26.10.11
Recently, I was asked, by Saurabh Kumar Shahi of the Sunday Indian newspaper, to take part in an interview for the paper’s monthly “Media Watch” supplement, and I was happy to do so. The interview is available here, and I’m cross-posting it below, as Saurabh asked some great questions, giving me an opportunity to run through Guantánamo’s history, and to explain why it was, and remains a disgraceful aberration, and also to explain why, under President Obama, it remains open, despite his promise to close it.
The Sunday Indian: How did it all begin: your journey as a journalist and historian?
Andy Worthington: I was always interested in history, and in writing. I studied English Language and Literature at New College, Oxford, in the 1980s, but my journey really began when I published two books on modern British social history, dealing with protest movements, dissent, state oppression and civil liberties in 2004 and 2005, After that, I felt able to move into the field of human rights.
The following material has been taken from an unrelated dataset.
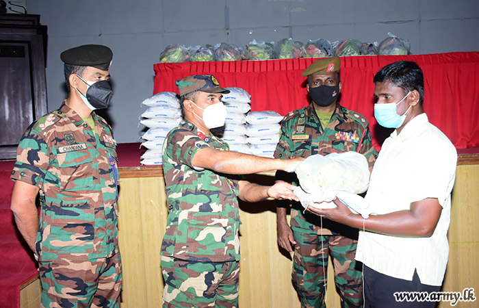 A total of 100 dry ration packs, patronized by an expatriate in the US were distributed among flood-affected low income group families in the general areas of Kilinochchi by 1 Corps at Kilinochchi on Wednesday (17) after inviting the victims to the Nelum Piyasa auditorium at Kilinochchi.

The Sunday Indian: How did you get interested and involved in the Guantánamo detention camp?
Andy Worthington: I had been interested since the prison opened, on January 11, 2002, and the world first saw the shackled prisoners in their orange jumpsuits, with their eyes and ears covered, closed, subjected to sensory detention. Like many others, it told me that something had gone terribly wrong in the United States in response to the terrorist attacks of September 11, 2001, as these men were obviously not being held either as prisoners of war or criminal suspects.
Of course, it took many years for the truth of what was happening at Guantánamo to emerge, and in fact, much of the story only emerged in the spring of 2006, as I began researching the story full-time for my book The Guantánamo Files, when the Pentagon was obliged, through a lawsuit, to release the names and nationalities of all the prisoners — for the first time since the prison opened — and 8,000 pages of documents about them.
These included the allegations against them, and transcripts of the tribunals convened to assess whether they had been correctly designated on capture as “enemy combatants,” who could continue to be held indefinitely. The tribunals were a sham, as they were designed to rubber-stamp the prisoners’ designation as “enemy combatants,” and they were not allowed lawyers, or to see or hear the classified evidence against them, preventing them from challenging the allegations effectively, but they did allow their voices to be heard, and they were invaluable as I set about analyzing and transcribing the documents, creating a chronology, and establishing who the prisoners were.
The Sunday Indian: You started with the question, “Who is in Guantánamo?” After you completed the book, do you feel you can give a three-sentence answer to this question?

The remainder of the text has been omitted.